▸ What you are asked to do: Give a verbatim copy of the lines below, minus the pictures.

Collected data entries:
-- Opening Marker --

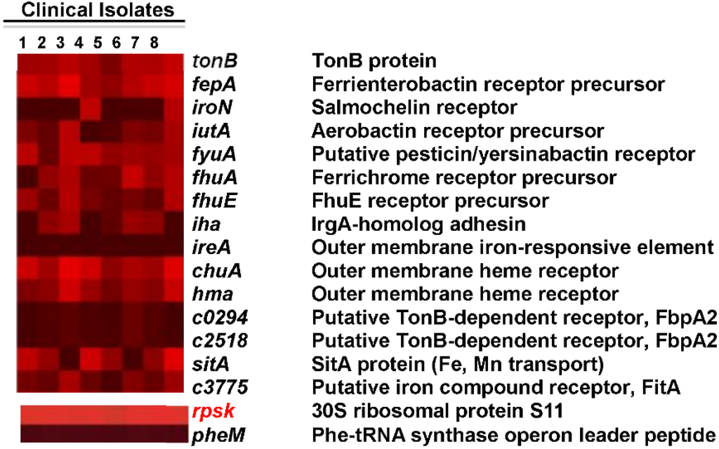 Virulence gene expression was measured for E. coli in the urine of patients with UTI. We used the CFT073-specific microarray to measure global gene expression in eight E. coli isolates stabilized immediately after collection of urine from eight women presenting at the clinic with cystitis []. Gene expression profiles were compared to those of the same E. coli isolates cultured statically to exponential phase in pooled, sterilized human urine ex vivo. Known fitness factors, including iron acquisition, were highly expressed during human UTI (Figure 1). While these findings were highly correlated with data obtained from the murine in vivo transcriptome (r = 0.589; p < 0.0001) (described above), host-specific differences were observed. Findings presented in this study provide insight into the metabolic and pathogenic profile of UPEC in urine from women with UTI and represent the first transcriptome analysis for any pathogenic E. coli during a naturally occurring infection in humans []. RNA-Seq of RNA from E. coli collected (and stabilized immediately) directly from the urine of five women with documented uncomplicated UTI with symptoms of cystitis [] verify that iron acquisition genes are expressed at high levels by E. coli during UTIs in women. While ireA was not present or well expressed in the women from the urology clinic cystitis patients, it was present and well expressed in RNA-seq samples from the women with uncomplicated cystitis and is prevalent in the collection of 315 E. coli strains [].
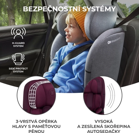 La sécurité est renforcée par les protections latérales hautes SIDE PROTECT SYSTEM et l’appui‑tête triple couche H-GUARD avec mousse à mémoire de forme, qui absorbent efficacement l’énergie d’un impact. Pour un confort optimal sur tous les trajets, le RECLINING offre 5 inclinaisons, une assise large, un rembourrage doux et un insert amovible pour les plus petits. La housse est lavable en machine, et des crochets latéraux maintiennent les harnais lors de l’installation de l’enfant.
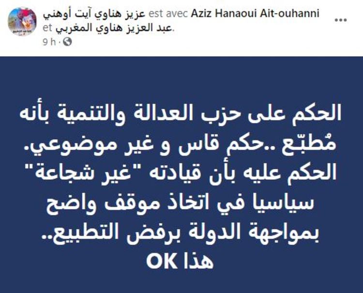 وقال هناوي في هذا الصدد، “أن الحكم على حزب العدالة والتنمية بأنه مُطبّـع ..حكم قاس و غير موضوعي”. مضيفا، “الحكم عليه بأن قيادته “غير شجاعة” سياسيا في اتخاذ موقف واضح بمواجهة الدولة برفض التطبيع، هذا صحيح”. بينما قال عبد اللطيف سودو، “الاعتدال في المواقف، لا للتخوين و لا للتبرير”.
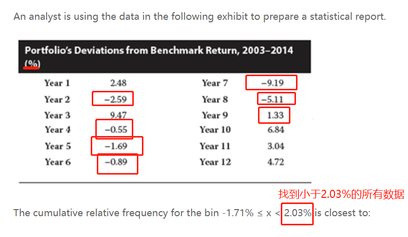 题目中cumulative relative frequency是累积相对频率的意思,我们需要考虑小于"区间上限2.03%"的所有观测值占总观测值的比重,不考虑“2.03%”以上的观测值,应该考虑“2.03%”以下的所有观测值
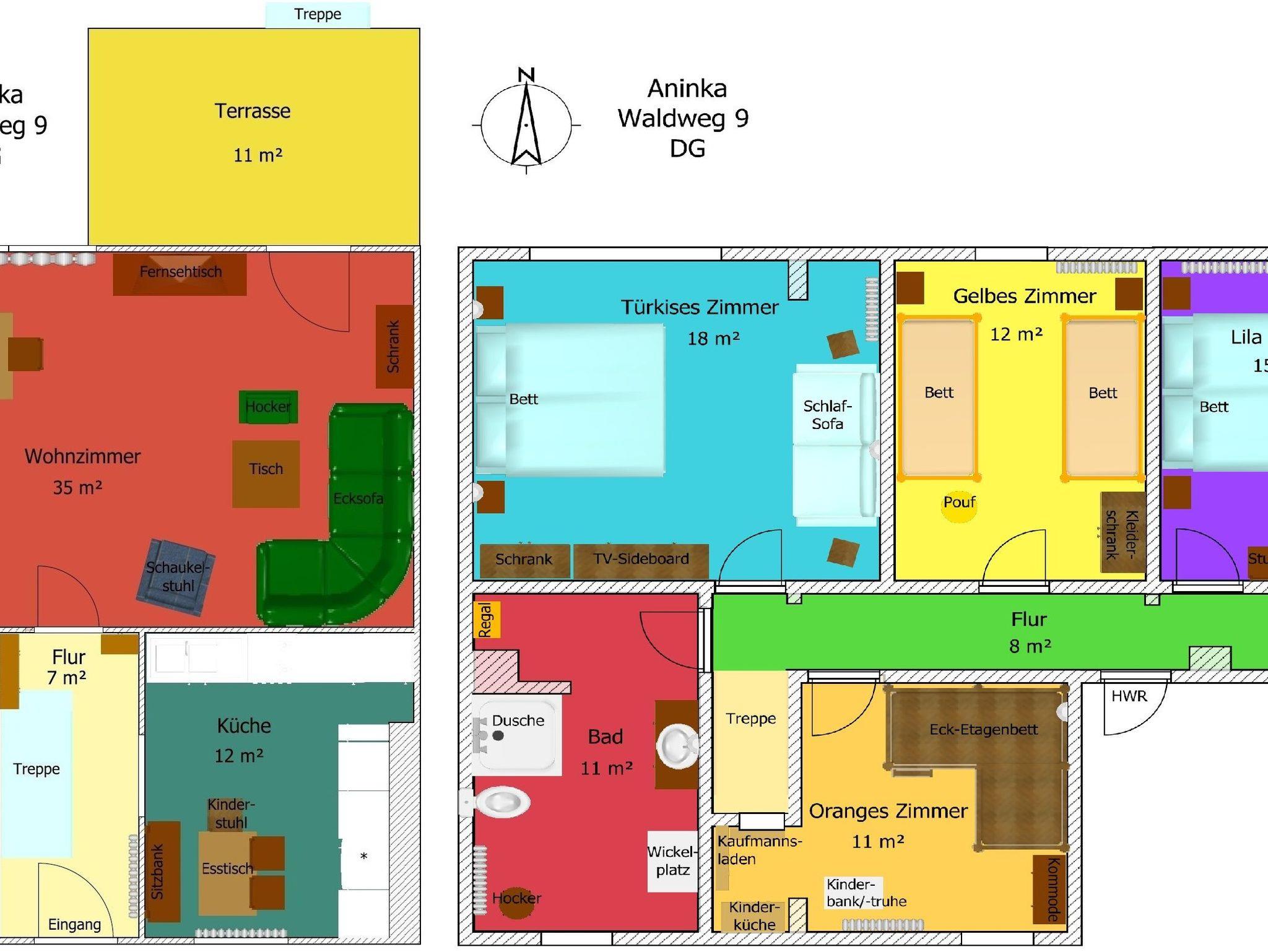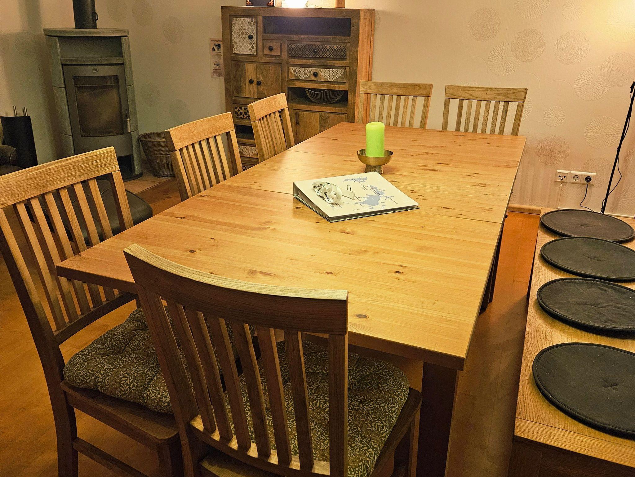Beim Ferienhaus Aninka handelt es sich um ein über 150 Jahre altes historisches Schnitterhaus, das 2025 saniert & mit Massivholzmöbeln modern ausgestattet worden ist. Unsere Aninka bietet Platz für 6 bis 10 Personen zuzüglich 1-2 kleineren Kindern. Auf großzügigen 140m² über 2 Etagen befinden sich 5 Wohnräume: Ein 35m² großes Wohnzimmer mit Kamin, Sitzgelegenheiten, Relax-Sessel, einem großen Esstisch, smartem Flachbild-TV (mit DVD-Player & einigen DVDs) & smarter Musikanlage (mit Bluetooth/CD/Radio/USB). Daneben gibt es 2 Tageslicht-Vollbäder (1 mit Dusche, Badewanne & WC, 1 mit Dusche & WC), eine vollausgestattete große Küche mit weiterem Esstisch & insgesamt 4 separate Schlafzimmer im Obergeschoss:
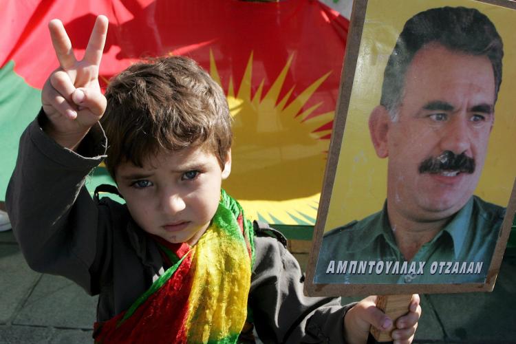 DINSDAG – Een Koerdische jongen houdt een poster vast van PKK leider Abdullah Öcalan tijdens een demonstratie van Koerden op het eiland Cyprus. Hiermee protesteren de Koerden tegen een mogelijke inval van het Turkse leger in Noord Irak.

-- Closing Marker --

▸ Solved problem:
 Virulence gene expression was measured for E. coli in the urine of patients with UTI. We used the CFT073-specific microarray to measure global gene expression in eight E. coli isolates stabilized immediately after collection of urine from eight women presenting at the clinic with cystitis []. Gene expression profiles were compared to those of the same E. coli isolates cultured statically to exponential phase in pooled, sterilized human urine ex vivo. Known fitness factors, including iron acquisition, were highly expressed during human UTI (Figure 1). While these findings were highly correlated with data obtained from the murine in vivo transcriptome (r = 0.589; p < 0.0001) (described above), host-specific differences were observed. Findings presented in this study provide insight into the metabolic and pathogenic profile of UPEC in urine from women with UTI and represent the first transcriptome analysis for any pathogenic E. coli during a naturally occurring infection in humans []. RNA-Seq of RNA from E. coli collected (and stabilized immediately) directly from the urine of five women with documented uncomplicated UTI with symptoms of cystitis [] verify that iron acquisition genes are expressed at high levels by E. coli during UTIs in women. While ireA was not present or well expressed in the women from the urology clinic cystitis patients, it was present and well expressed in RNA-seq samples from the women with uncomplicated cystitis and is prevalent in the collection of 315 E. coli strains [].
 La sécurité est renforcée par les protections latérales hautes SIDE PROTECT SYSTEM et l’appui‑tête triple couche H-GUARD avec mousse à mémoire de forme, qui absorbent efficacement l’énergie d’un impact. Pour un confort optimal sur tous les trajets, le RECLINING offre 5 inclinaisons, une assise large, un rembourrage doux et un insert amovible pour les plus petits. La housse est lavable en machine, et des crochets latéraux maintiennent les harnais lors de l’installation de l’enfant.
 وقال هناوي في هذا الصدد، “أن الحكم على حزب العدالة والتنمية بأنه مُطبّـع ..حكم قاس و غير موضوعي”. مضيفا، “الحكم عليه بأن قيادته “غير شجاعة” سياسيا في اتخاذ موقف واضح بمواجهة الدولة برفض التطبيع، هذا صحيح”. بينما قال عبد اللطيف سودو، “الاعتدال في المواقف، لا للتخوين و لا للتبرير”.
 题目中cumulative relative frequency是累积相对频率的意思,我们需要考虑小于"区间上限2.03%"的所有观测值占总观测值的比重,不考虑“2.03%”以上的观测值,应该考虑“2.03%”以下的所有观测值
Beim Ferienhaus Aninka handelt es sich um ein über 150 Jahre altes historisches Schnitterhaus, das 2025 saniert & mit Massivholzmöbeln modern ausgestattet worden ist. Unsere Aninka bietet Platz für 6 bis 10 Personen zuzüglich 1-2 kleineren Kindern. Auf großzügigen 140m² über 2 Etagen befinden sich 5 Wohnräume: Ein 35m² großes Wohnzimmer mit Kamin, Sitzgelegenheiten, Relax-Sessel, einem großen Esstisch, smartem Flachbild-TV (mit DVD-Player & einigen DVDs) & smarter Musikanlage (mit Bluetooth/CD/Radio/USB). Daneben gibt es 2 Tageslicht-Vollbäder (1 mit Dusche, Badewanne & WC, 1 mit Dusche & WC), eine vollausgestattete große Küche mit weiterem Esstisch & insgesamt 4 separate Schlafzimmer im Obergeschoss:
 DINSDAG – Een Koerdische jongen houdt een poster vast van PKK leider Abdullah Öcalan tijdens een demonstratie van Koerden op het eiland Cyprus. Hiermee protesteren de Koerden tegen een mogelijke inval van het Turkse leger in Noord Irak.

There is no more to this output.